Read “The School,” a short story by Donald Barthelme

“The School” by

Donald Barthelme


Well, we had all these children out planting trees, see, because we figured that … that was part of their education, to see how, you know, the root systems … and also the sense of responsibility, taking care of things, being individually responsible. You know what I mean. And the trees all died. They were orange trees. I don’t know why they died, they just died. Something wrong with the soil possibly or maybe the stuff we got from the nursery wasn’t the best. We complained about it. So we’ve got thirty kids there, each kid had his or her own little tree to plant and we’ve got these thirty dead trees. All these kids looking at these little brown sticks, it was depressing.

It wouldn’t have been so bad except that just a couple of weeks before the thing with the trees, the snakes all died.

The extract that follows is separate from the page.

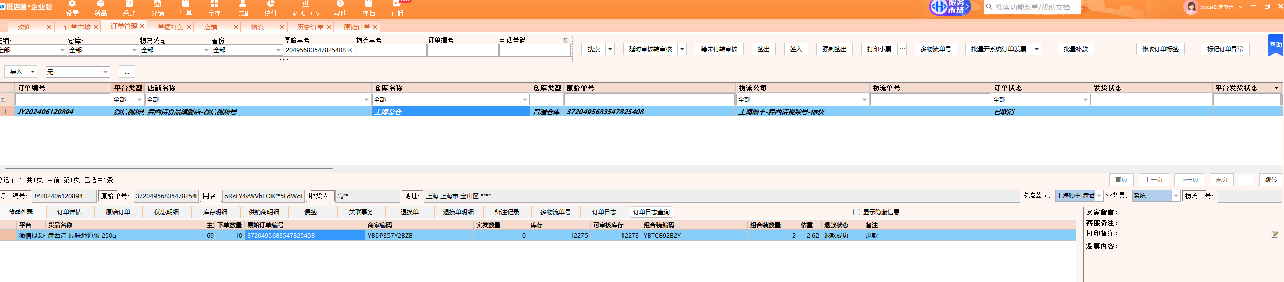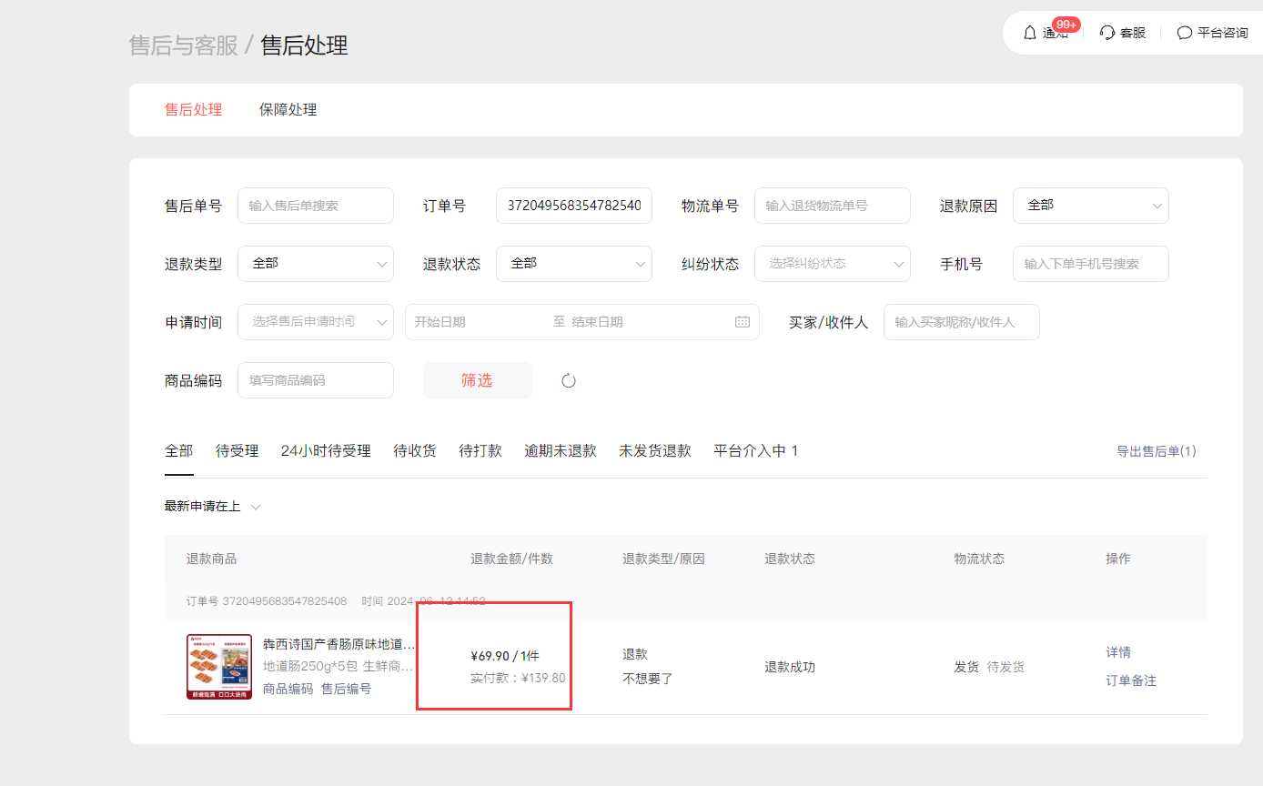 问题描述:视频号小店顾客一个订单连续拍了2件商品,视频号后台退了1件,但是旺店通ERP退款状态显示全部退款,导致后台与旺店通退款数量存在差异性。咨询旺店通ERP技术人员反馈说:需要视频号技术人员报一下入参报文;(如上面截图)麻烦核实协助处理谢谢

But I think that the snakes – well, the reason that the snakes kicked off was that … you remember, the boiler was shut off for four days because of the strike, and that was explicable. It was something you could explain to the kids because of the strike. I mean, none of their parents would let them cross the picket line and they knew there was a strike going on and what it meant. So when things got started up again and we found the snakes they weren’t too disturbed.

With the herb gardens it was probably a case of overwatering, and at least now they know not to overwater. The children were very conscientious with the herb gardens and some of them probably … you know, slipped them a little extra water when we weren’t looking. Or maybe … well, I don’t like to think about sabotage, although it did occur to us. I mean, it was something that crossed our minds. We were thinking that way probably because before that the gerbils had died, and the white mice had died, and the salamander … well, now they know not to carry them around in plastic bags.

Of course we expected the tropical fish to die, that was no surprise. Those numbers, you look at them crooked and they’re belly-up on the surface. But the lesson plan called for a tropical fish input at that point, there was nothing we could do, it happens every year, you just have to hurry past it.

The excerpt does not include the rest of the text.